Devil could have made a good episode of The Twilight Zone (albeit, without the scenes outside the lift). As it was, Devil made for a tense and entertaining horror-mystery. Coming from the mind of M. Knight Shyamalan, there is of course a twist ending, which is reasonably effective, although not totally unforeseeable. And being an M. Knight movie, we can play some Shyamalan Bingo™:
- there was some flabby and ridiculous dialogue (“When he’s [the Devil] near, everything goes wrong. Toast falls jelly-side down, children hit tables, and people get hurt.”),
- a somewhat awkwardly shoehorned religious aspect (handled clumsily with the gibbering Mexican Catholic expositor),
- cheesiness (the awkward mattress salesman and his banter),
- and a damaged protagonist suffering from a traumatic loss.

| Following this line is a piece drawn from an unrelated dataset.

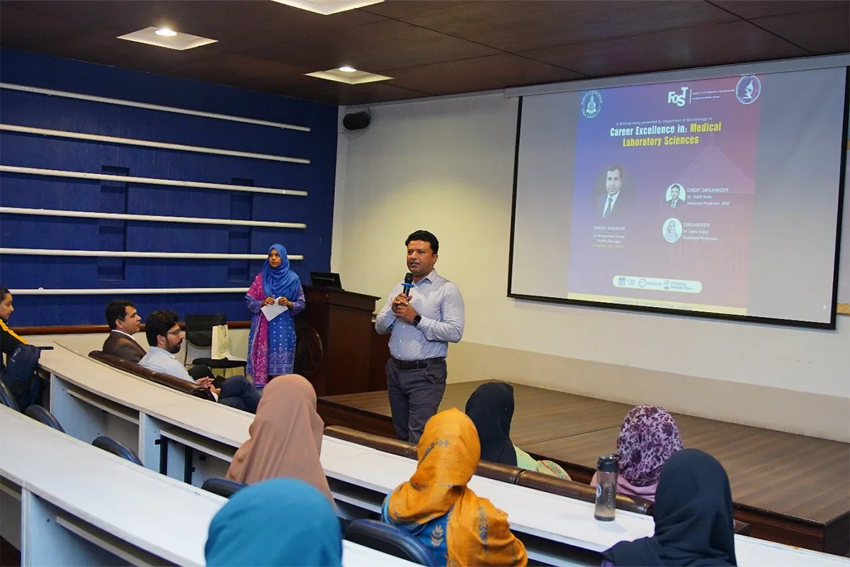 Department of Microbiology conducted an engaging seminar on Career Excellence in Medical Laboratory Sciences for the MLT Fall 2025 batch, featuring an in-depth talk by Dr. Muhammad Sohail, Quality Manager at Chughtai Lab, Lahore. Under the leadership of Dr. Aatif Amin and Dr. Saba Kabir, students received comprehensive guidance on career pathways, industry expectations, quality standards, and professional growth in Medical Laboratory Sciences.

Despite this, the story was lean and tightly plotted. The characters were fairly believable. The performances were all decent. The movie had a kind of Eli Roth vibe to it, which is good or bad depending on your viewpoint, and a TV serial feel. Perhaps the film benefited from M. Knight sharing the writing duties.
Very enjoyable, albeit not Oscar-worthy. A middling Shyamalan movie: no Sixth Sense, but thankfully no The Happening, either.